Hashimoto Sho, Shiraishi Jun, Yanagiuchi Takashi, Hyogo Masayuki, Sawada Takahisa, Kohno Yoshio
Department of Cardiology, Kyoto First Red Cross Hospital, Honmachi, Higashiyama-ku, Kyoto, 605-0981, Japan.
Cardiovasc Interv Ther. 2016 Oct;31(4):321-8. doi: 10.1007/s12928-015-0361-1. Epub 2015 Oct 7.
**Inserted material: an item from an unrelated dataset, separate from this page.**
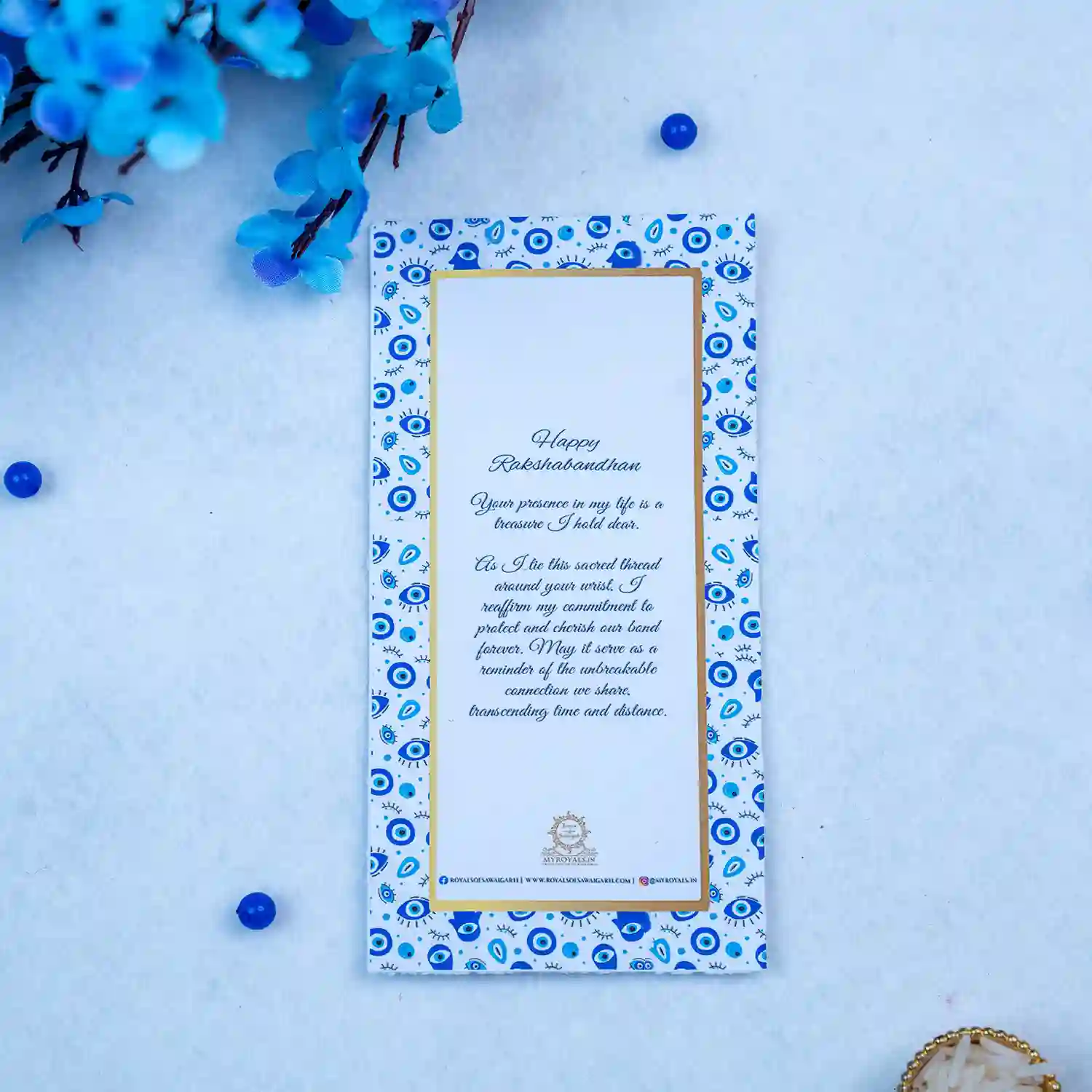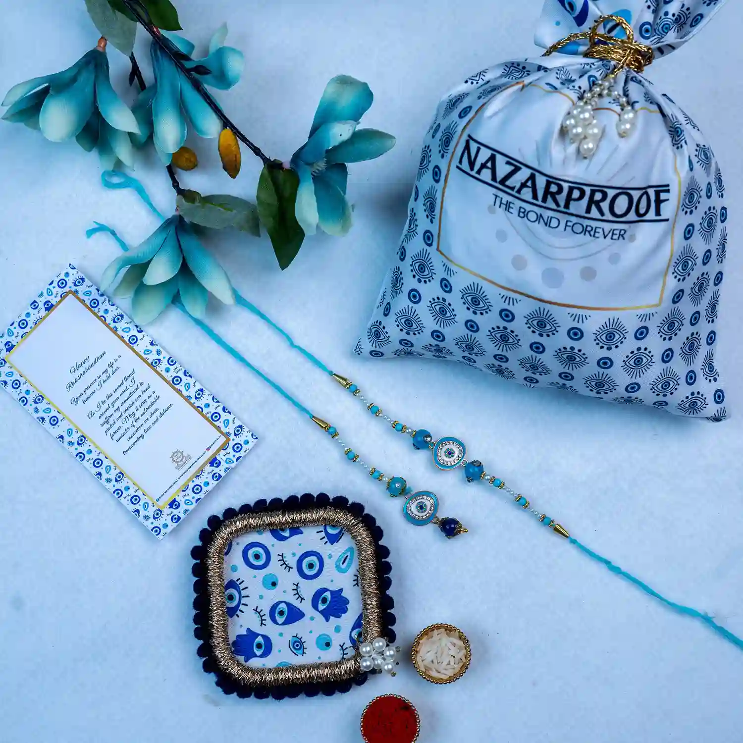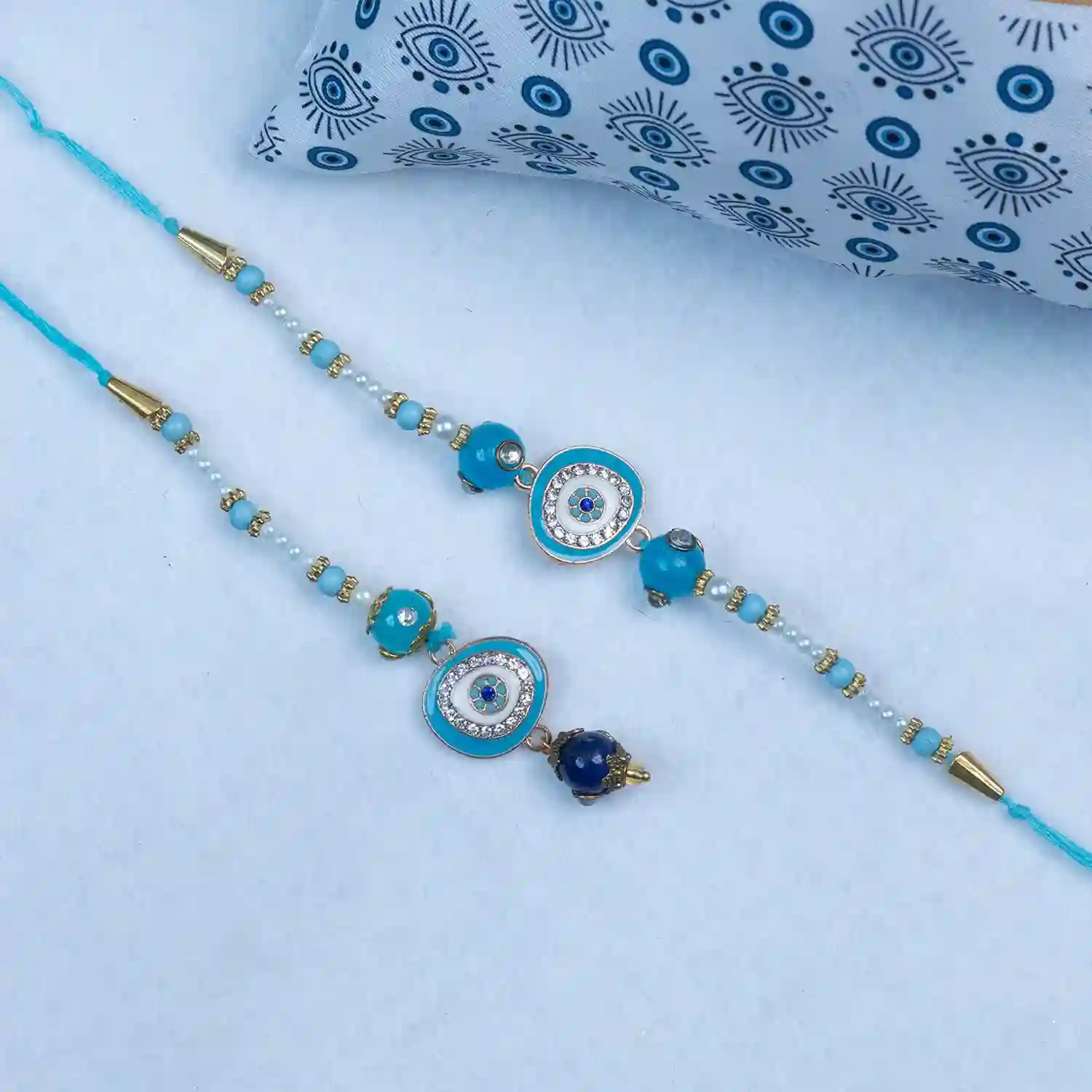 Celebrate Rakhi with this Bespoke Evil Eye Rakhi Set for Bhaiiya and Bhabhi.

A 55-year-old woman with symptoms of heart failure appeared to have ischemic cardiomyopathy complicated with 3-vessel chronic total occlusion (CTO), severely deteriorated left ventricular (LV) function, and large LV thrombus. Because of high risk of surgical thrombectomy in addition to coronary artery bypass grafting surgery, we first confirmed significant reduction of LV thrombus and performed percutaneous coronary intervention against the 3-vessel CTO under preceding anticoagulation therapy with warfarin, aspirin, and clopidogrel. By means of antegrade/retrograde approach, we successfully implanted everolimus-eluting stents one by one, leading to complete revascularization, dramatically improved LV function, and disappearance of LV thrombus without post-procedural embolism.